- About this exercise: The expected output is the full set of entries, retyped verbatim, pictures excluded.

- Source data:
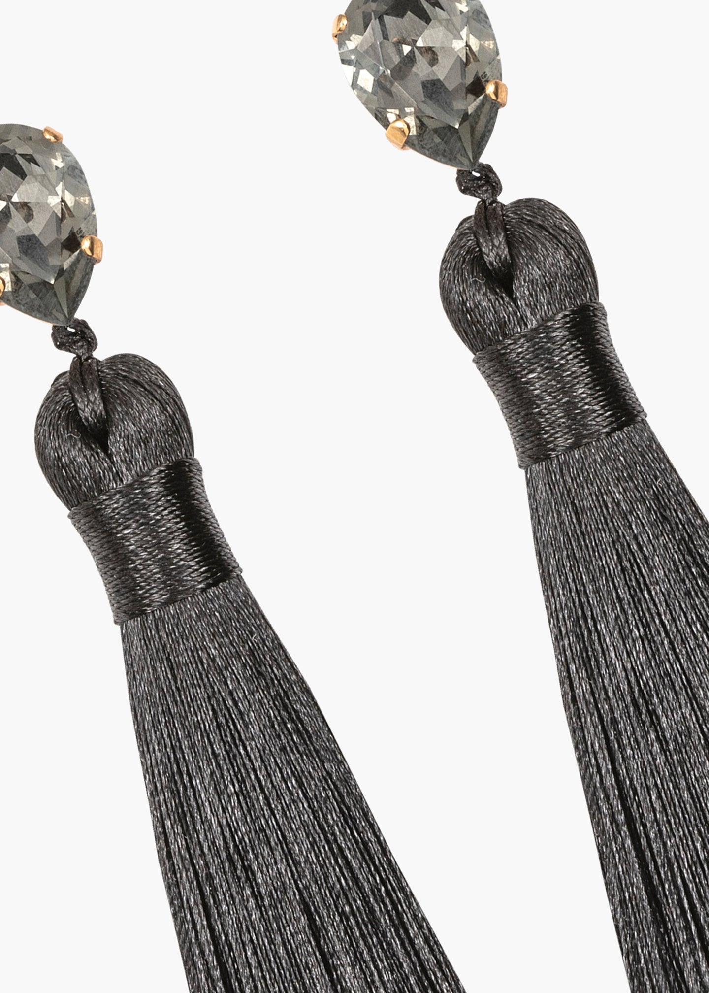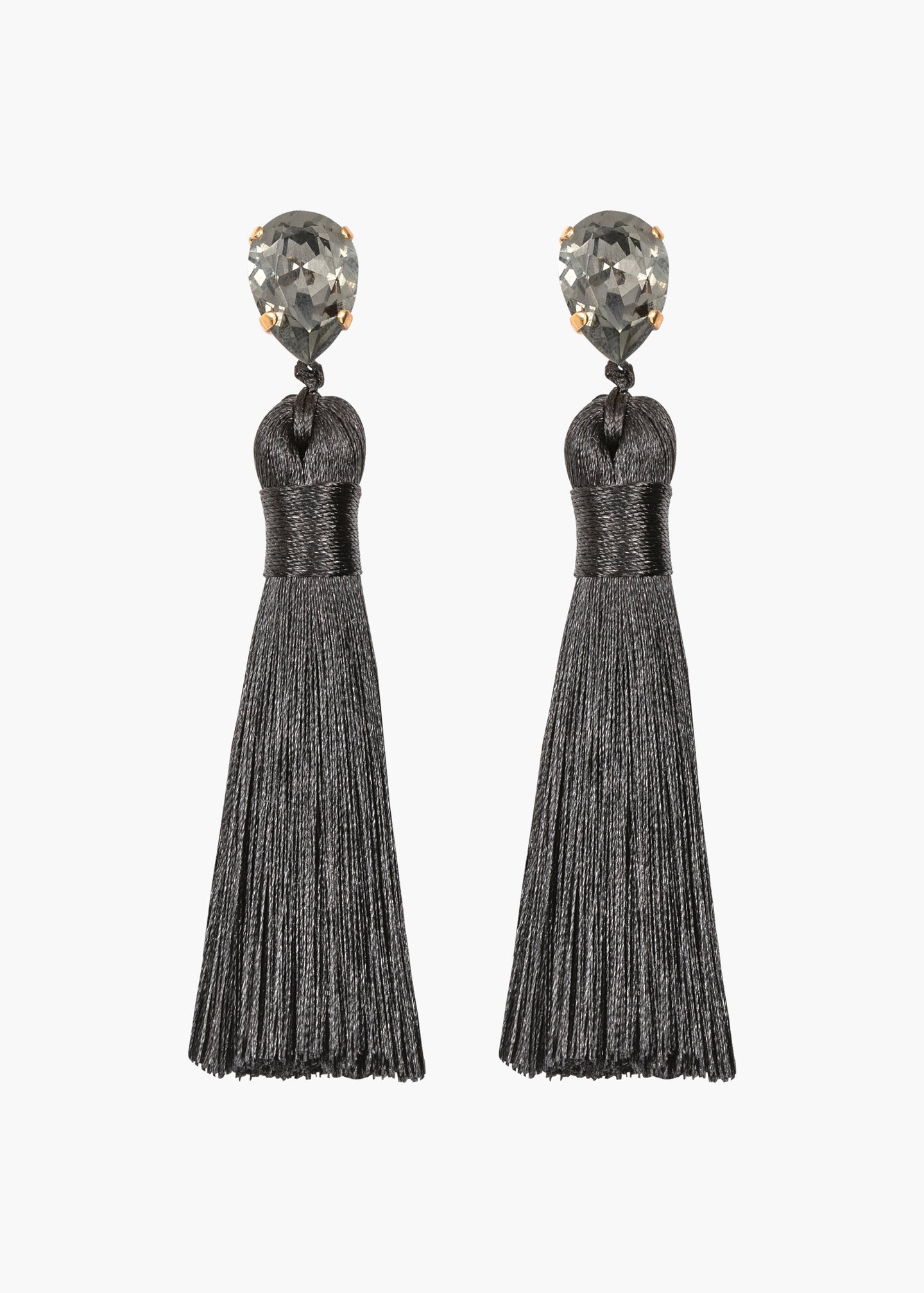 The Francine Earrings reference Art Deco interiors, with lush tassels and rich crystal accents for supreme drama. Made by hand in New York, satin tassels are suspended from pear-cut Austrian crystals. Despite their shoulder-grazing length and noteworthy movement, these earrings are exceptionally lightweight and comfortable to wear. Dimensions: 4.25" length
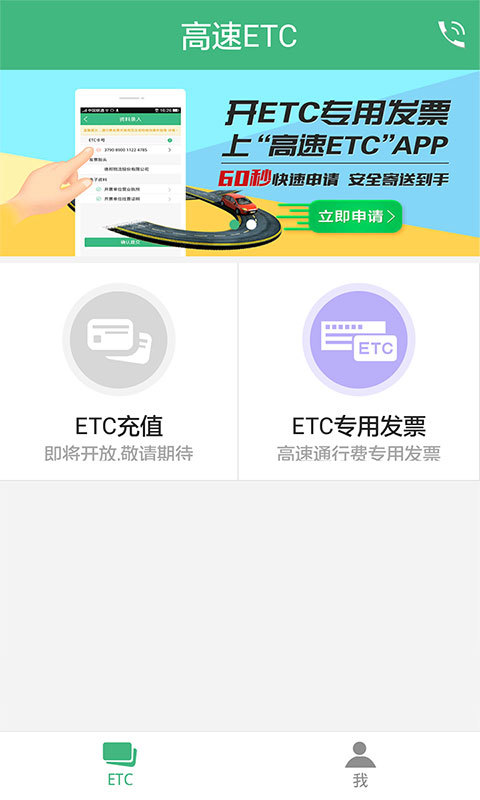 高速ETC app是山東高速官方指定ETC移動(dòng)充值圈存平臺(tái)。高速ETC app專用發(fā)票手機(jī)線上申請(qǐng),方便快捷,讓大家可享受魯通卡、信聯(lián)卡網(wǎng)上營業(yè)廳ETC專用發(fā)票60秒快速申請(qǐng),安全寄送到手,省時(shí)省力省心的服務(wù)。【更新日志】
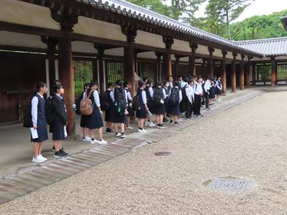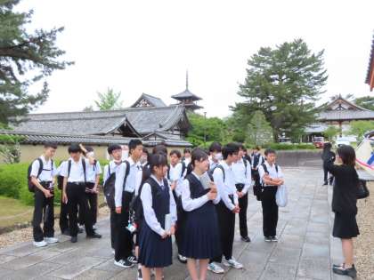 5月31日(金) 修学旅行3日目 1組クラス別学習 公開日 2024/05/31 更新日 2024/05/31 3学年 1組は、ホテルを出発し最初に法隆寺を訪問しました。ガイドさんの説明をしっかり聞き 世界遺産の歴史を学ぶことができました。
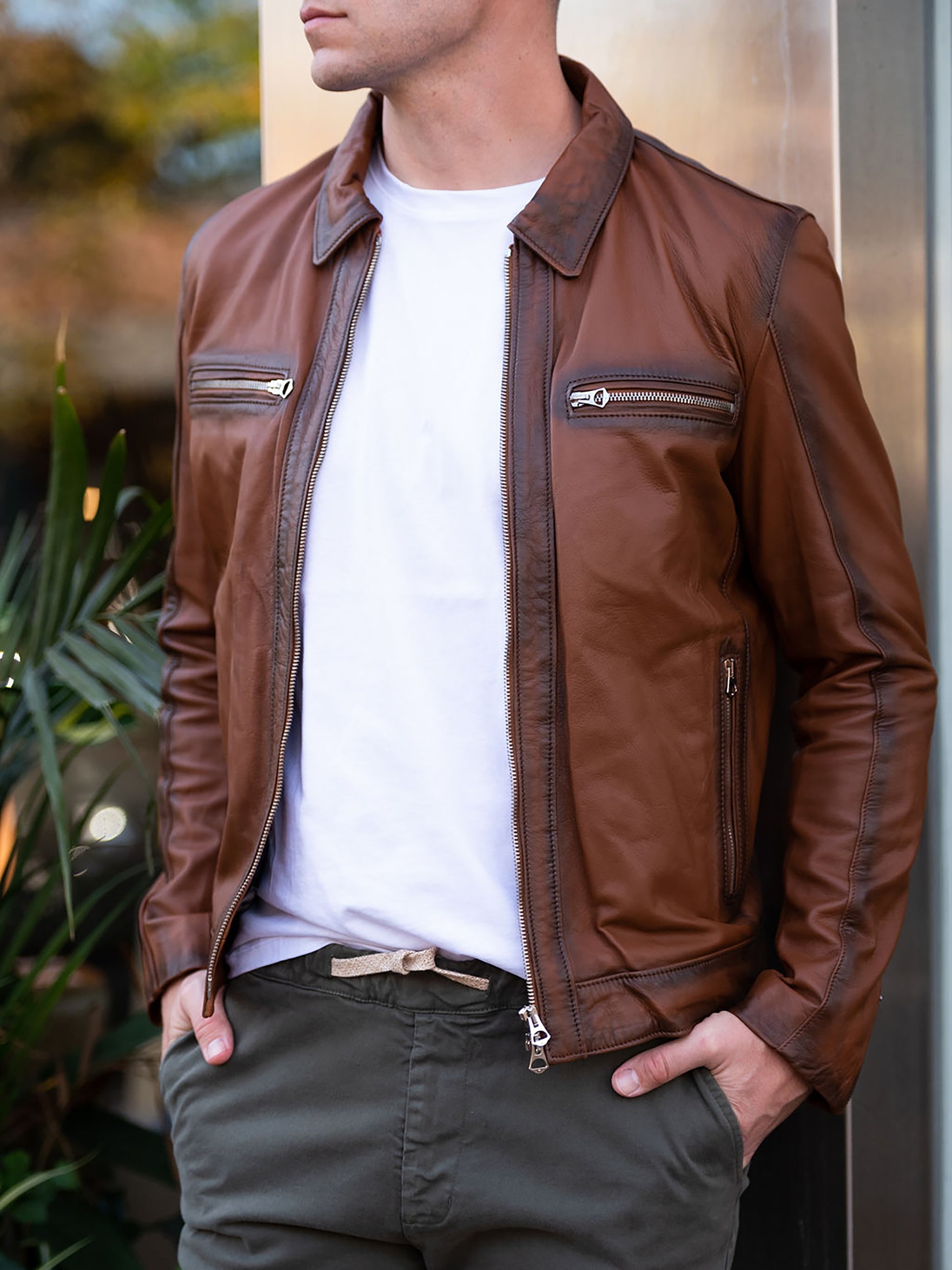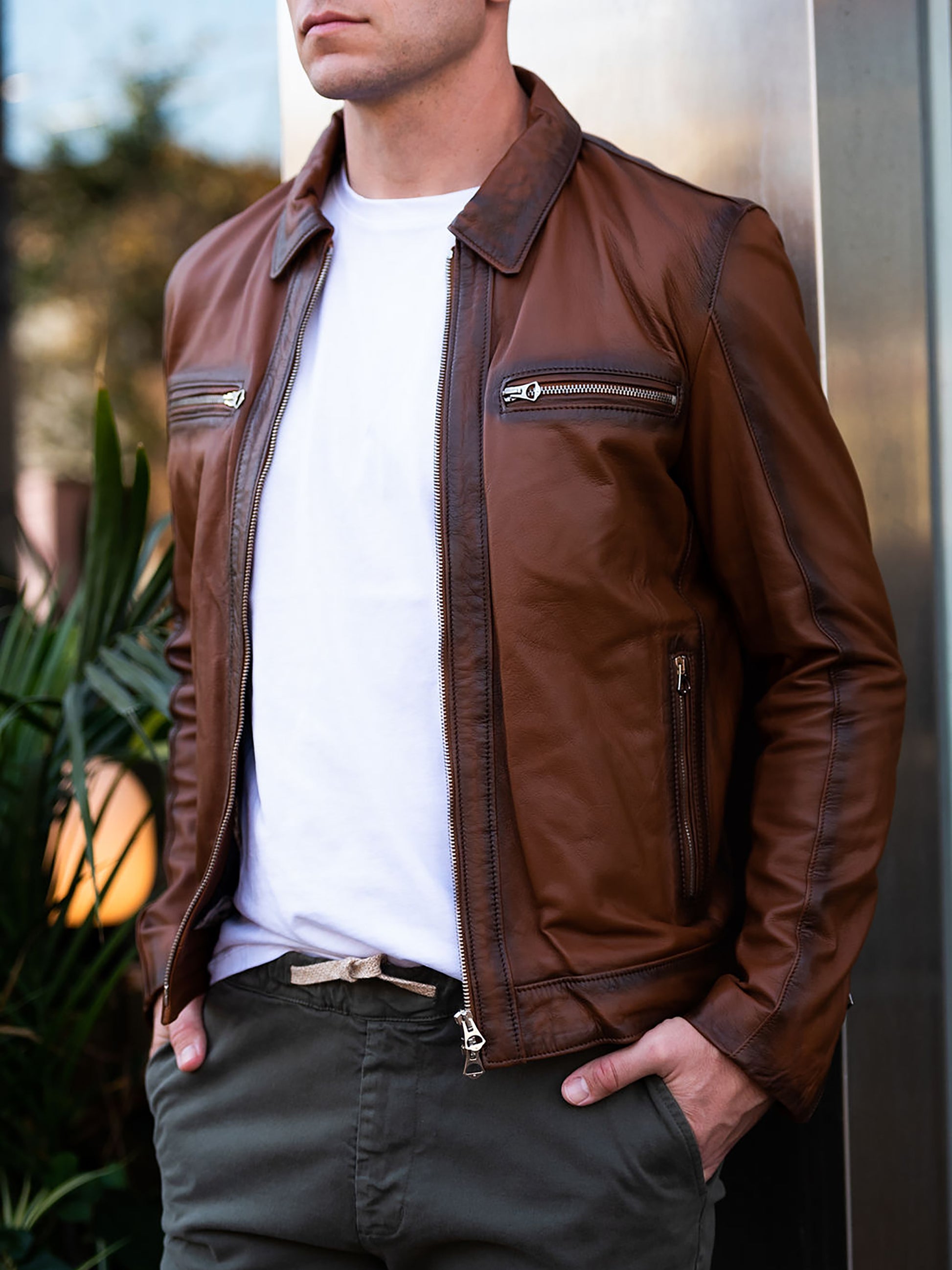 Cette veste présente une silhouette ajustée, des poignets côtelés et une fermeture zippée sur le devant. Sa riche teinte cognac ajoute une touche de sophistication à cette pièce classique, en faisant un choix incontournable pour toute personne à la recherche de style.
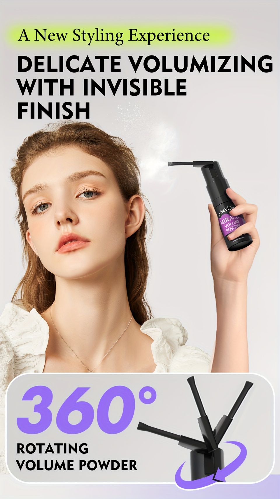 SEVICH Miracle Volumizing Hair Powder – 360 ° Rotating, No-Rinse Styling Spray for Men & Women, Oil Control & Fluffy Hair Volume Boost, Suitable for All Hair Types
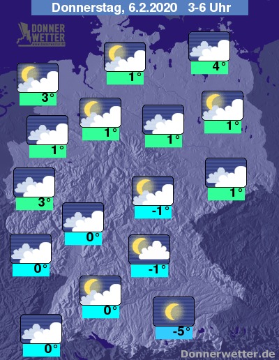 Bis zu den Frühstunden kühlt die Luft in der Nordhälfte auf 0 bis 4 Grad ab, in der Südhälfte gibt es teilweise Frost mit Werten knapp unterhalb des Gefrierpunktes. Südlich der Donau wird es noch kälter.
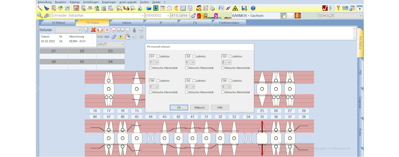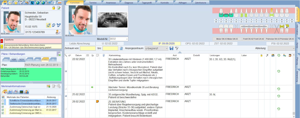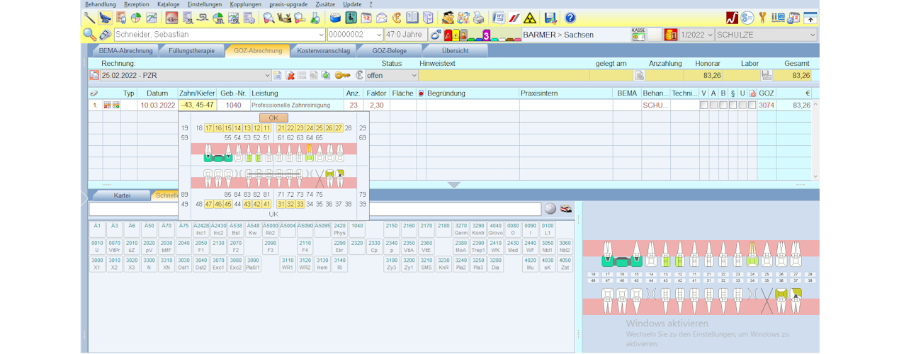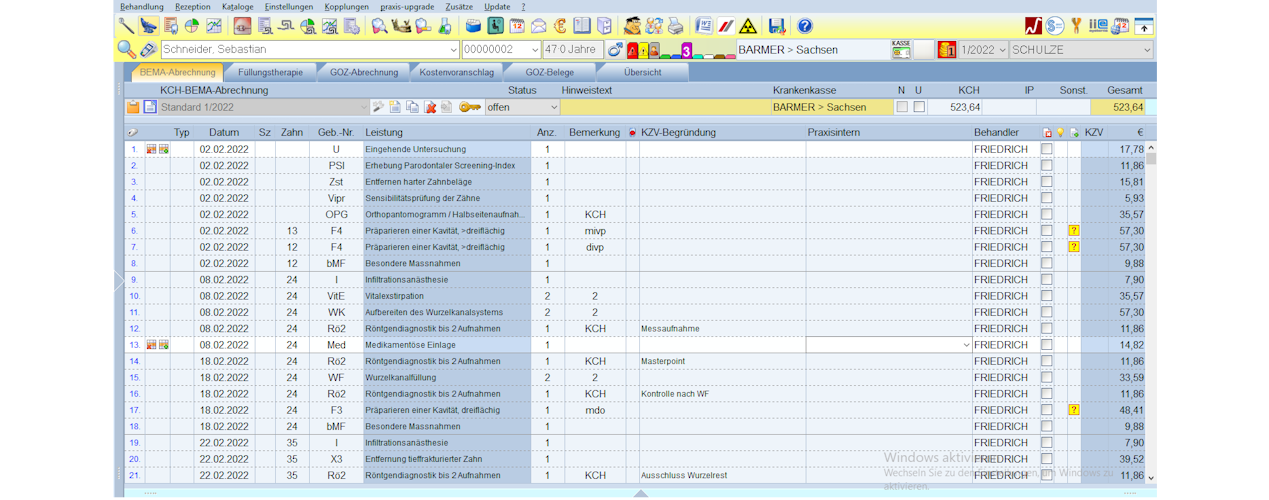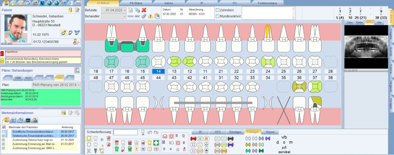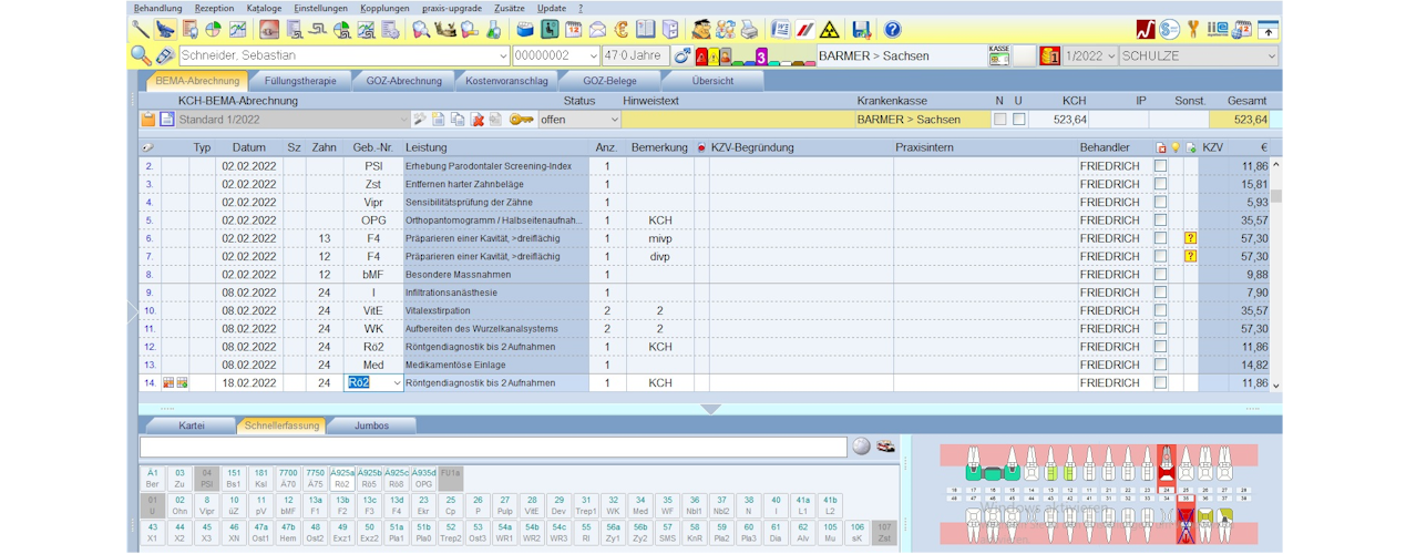 - Behandlungsplanung & Abrechnung: KCH, Mehrkosten Füllung, ZE, KBR, PA

- Written solution:
 The Francine Earrings reference Art Deco interiors, with lush tassels and rich crystal accents for supreme drama. Made by hand in New York, satin tassels are suspended from pear-cut Austrian crystals. Despite their shoulder-grazing length and noteworthy movement, these earrings are exceptionally lightweight and comfortable to wear. Dimensions: 4.25" length
 高速ETC app是山東高速官方指定ETC移動(dòng)充值圈存平臺(tái)。高速ETC app專用發(fā)票手機(jī)線上申請(qǐng),方便快捷,讓大家可享受魯通卡、信聯(lián)卡網(wǎng)上營業(yè)廳ETC專用發(fā)票60秒快速申請(qǐng),安全寄送到手,省時(shí)省力省心的服務(wù)。【更新日志】
 5月31日(金) 修学旅行3日目 1組クラス別学習 公開日 2024/05/31 更新日 2024/05/31 3学年 1組は、ホテルを出発し最初に法隆寺を訪問しました。ガイドさんの説明をしっかり聞き 世界遺産の歴史を学ぶことができました。
 Cette veste présente une silhouette ajustée, des poignets côtelés et une fermeture zippée sur le devant. Sa riche teinte cognac ajoute une touche de sophistication à cette pièce classique, en faisant un choix incontournable pour toute personne à la recherche de style.
 SEVICH Miracle Volumizing Hair Powder – 360 ° Rotating, No-Rinse Styling Spray for Men & Women, Oil Control & Fluffy Hair Volume Boost, Suitable for All Hair Types
 Bis zu den Frühstunden kühlt die Luft in der Nordhälfte auf 0 bis 4 Grad ab, in der Südhälfte gibt es teilweise Frost mit Werten knapp unterhalb des Gefrierpunktes. Südlich der Donau wird es noch kälter.
 - Behandlungsplanung & Abrechnung: KCH, Mehrkosten Füllung, ZE, KBR, PA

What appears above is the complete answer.